- Born: 2005 (age 20–21) Chennai, India
- Education: Jumeirah College, United Arab Emirates
- Occupation: climate activist
- Awards: 100 Women (BBC) (2023)

= Sagarika Sriram =

Indian climate activist

Sagarika Sriram (born 2005) is an Emirati climate activist. She is an advocate for environmental rights as a member of the UN Committee on the Rights of the Child's children's advisory committee. In 2023, Sriram was added to the BBC's 100 Women list.

==Biography==
Sriram, who leads the climate movement from Dubai, UAE, originally hails from Chennai, India.
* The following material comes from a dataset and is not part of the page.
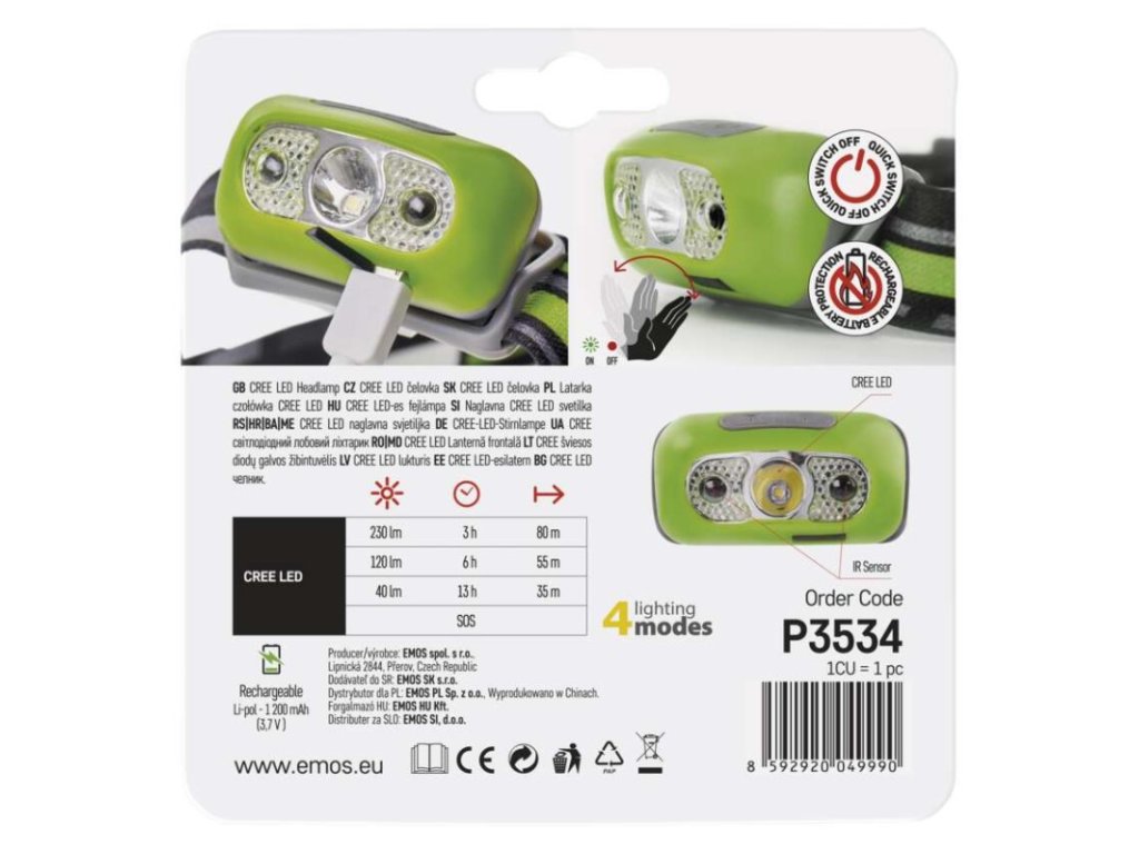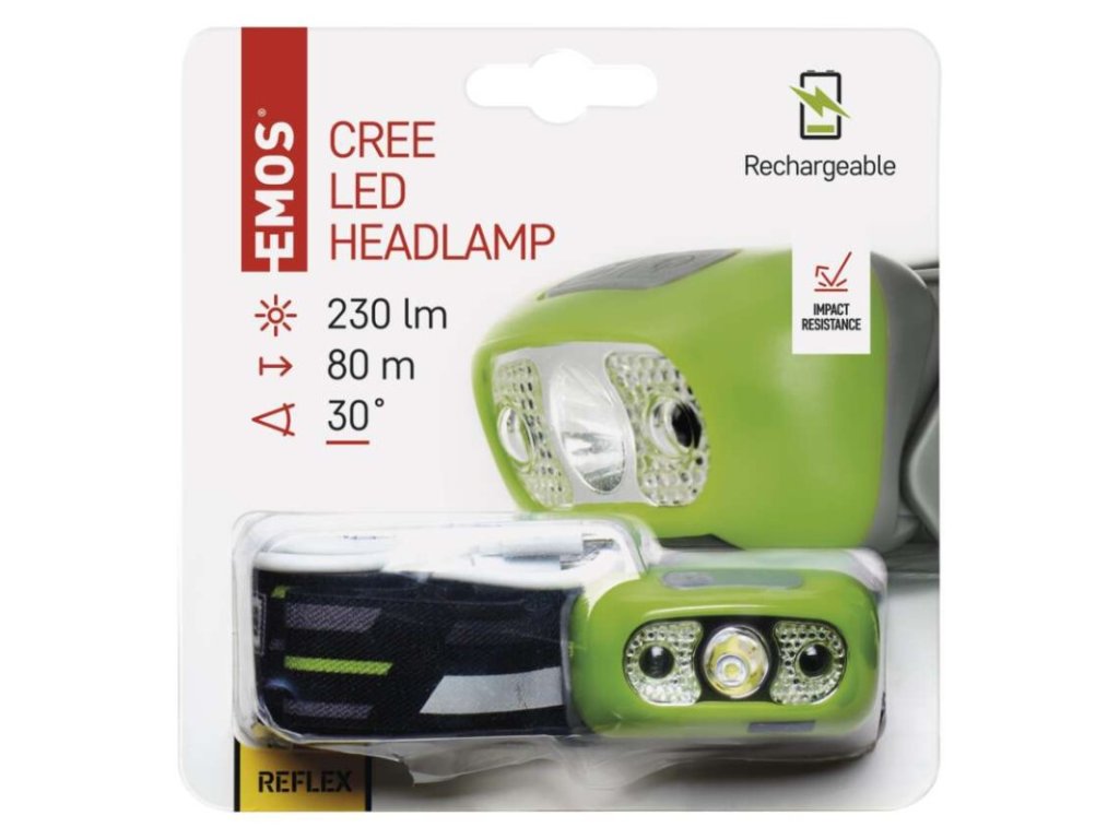 barva: zelená|baterie součástí balení: ano|doba nabíjení: 3 h|doba svícení: 3–13 h|doba svícení detail: CREE LED 100 % – 3 h, CREE LED 50 % – 6 h, CREE LED 20 % – 13 h|dosvit: CREE LED 100 % – 80 m, CREE LED 50 % – 55 m, CREE LED 20 % – 35 m|fokus: ne|hmotnost: 60 g|LED indikace nabíjení: ano|LED indikace stavu akumulátoru: ne|materiál: ECO–PC plast|maximální dosvit: 80 m|maximální světelný tok: 230 lm|nabíjecí: ano|napájení: Li-pol|nárazuvzdornost: ano|počet režimů svícení: 4|příslušenství: napájecí kabel|prodejní obal: 1 ks, papírový blistr|reflexní pásek: ano|režimy svícení: CREE LED 100 %, CREE LED 50 %, CREE LED 20 %, SOS|rozměr: 61 × 37 × 31 mm|speciální funkce: zapnutí pohybem ruky, rychlé vyp. , ochrana baterie|světelný tok: CREE LED 100 % – 230 lm, CREE LED 50 % – 120 lm, CREE LED 20 % – 40 lm|typ baterie: 1 200 mAh (3,7 V)|typ napájecího konektoru: micro USB B|úhel vyzařování: 30°|voděodolnost: ne|vybavení: neuvádí se|záruční doba: 2 roky|zdroj světla: CREE LED|značka: EMOSDoplňkové parametry

At the age of 10, Sriram created the web portal Kids4abetterworld, which aims to educate kids worldwide and assist them in community sustainability projects, using her coding abilities. She supports this with environmental programmes that are offered both offline and online, showing kids how they can make a difference in climate change. Sriram was enrolled in the Johns Hopkins Centre for Talented Youth's (CTY) HTML coding and web design course. The project's ultimate outcome was realised in Kids For A Better World (K4BW). Soon after, she realised that she wanted to make K4BW something that could be accessed by people all over the world K4BW conducted a series of Sustainable Summer Workshops to raise schoolchildren's awareness of climate issues. Sriram and her peers taught participants about the dangers of global warming and how to mitigate them.

In 2023, she was included in the BBC 100 Women list.